Frank looked again at the table of Janelle’s friends and found Craig staring at him. Craig quickly dropped his eyes, and none of the others seemed aware of Frank’s presence. “No, I think we’ll wait and try to catch up with them after school. I don’t want to make a big production out of this.” He concentrated on systematically folding his paper napkin into smaller and smaller squares. “Who coached the cheerleading squad?” he suddenly asked.
“Huh?”
“The cheerleading squad. Janelle was a cheerleader, right? Who’s the teacher in charge of that?”
“Oh. Miss Powell, I think.”
“Let’s go talk to her.”
They found Miss Powell in a tiny, glass-walled office off the gymnasium. Upon being introduced, she grasped Frank’s hand with a firmness that bordered on painful. Her palms were leathery and dry, but sm
ooth. Not the kind of girl you’d get a kick out of holding hands with.
It soon became clear that Miss Powell considered cheerleading very serious business indeed. Her squad had been about to compete in the state championship and now Janelle’s disappearance had knocked them out of the running. Her tone seemed to imply that she thought it very inconsiderate of Janelle to get herself abducted on the eve of this big event.
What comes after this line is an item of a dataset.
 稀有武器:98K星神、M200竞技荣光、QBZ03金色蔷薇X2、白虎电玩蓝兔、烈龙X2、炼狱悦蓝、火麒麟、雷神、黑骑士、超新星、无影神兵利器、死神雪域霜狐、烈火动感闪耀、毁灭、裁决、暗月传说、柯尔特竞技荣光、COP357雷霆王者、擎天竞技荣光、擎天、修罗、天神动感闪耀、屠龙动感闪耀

“She was the top of the pyramid,” Miss Powell said.
“The what?”
“When we formed a pyramid, Janelle was at the top. She was the lightest one. Aside from that, she was just an average athlete. In fact, she probably wouldn’t have made the cut except for her sparkle. She used to have loads of sparkle, and the judges do look for that.”
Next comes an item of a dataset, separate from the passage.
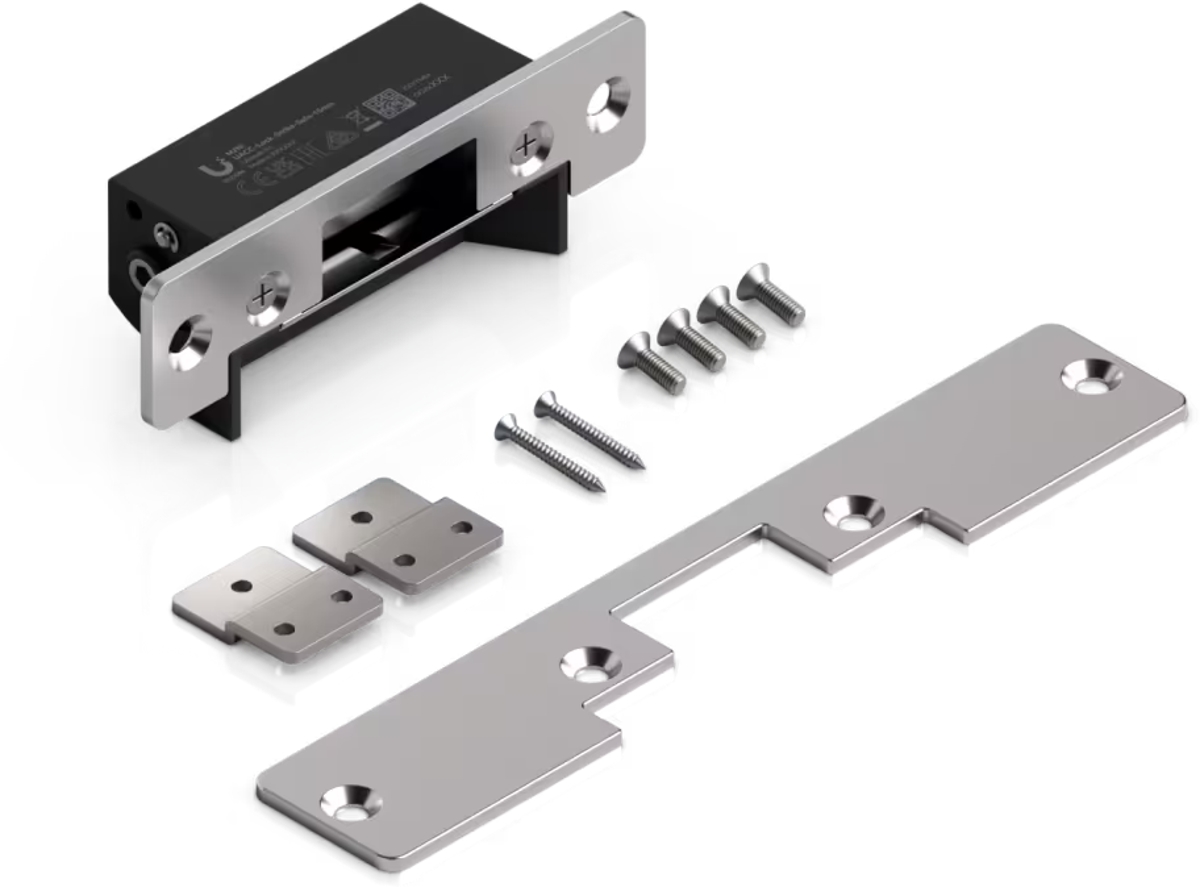 The Ubiquiti UACC-Lock-Strike-Safe-15mm is an electric strike lock that connects to a UniFi Access Hub. The lock is fail-safe, unlocking in the event of failure. It can be installed in wooden, steel, and aluminum frames. Holding force of up to 1200 kg. Power is supplied via a two-wire terminal block 12V/400mA.

“Used to?” Frank noticed that people had begun speaking of Janelle as if she no longer existed, and he wondered if that’s what Miss Powell was doing.
But she wasn’t. “Janelle used to be brimming with enthusiasm when she cheered, but lately, it just wasn’t there. I used to say to her, ‘Janelle, we’re here in the gym. Where are you?’ Because she would just tune out. Go on autopilot.”
“When did you first notice this?”
“Well, let’s see. She was all right through football season. And even into the beginning of basketball. I think it was right after we lost that real close game in overtime to Lake George that she seemed to lose heart. We were all disappointed. There were only two games left after that, so I just let it slide. But she kept it up right into baseball season, so I had to speak to her about it.”
“What did she say? Did she offer any explanation?” Frank asked.
“No. She just promised to do better. And at the games, she did. She seemed to be making a conscious effort. But like I said, at practice sometimes she just tuned out.”
“And that didn’t worry you? You didn’t try to find out what was the matter?”
Miss Powell seemed to grow larger in her chair as she placed her hands flat on the desk and leaned forward to glare at Frank. Earl tried to shrink himself in his seat. “Mr. Bennett, I’m their coach. My job is to push them to be the best that they can be. I can’t do that if I’m forever letting them cry on my shoulder about some silly fight they’ve had with their boyfriend, or some squabble they had with their parents about their prom dress.”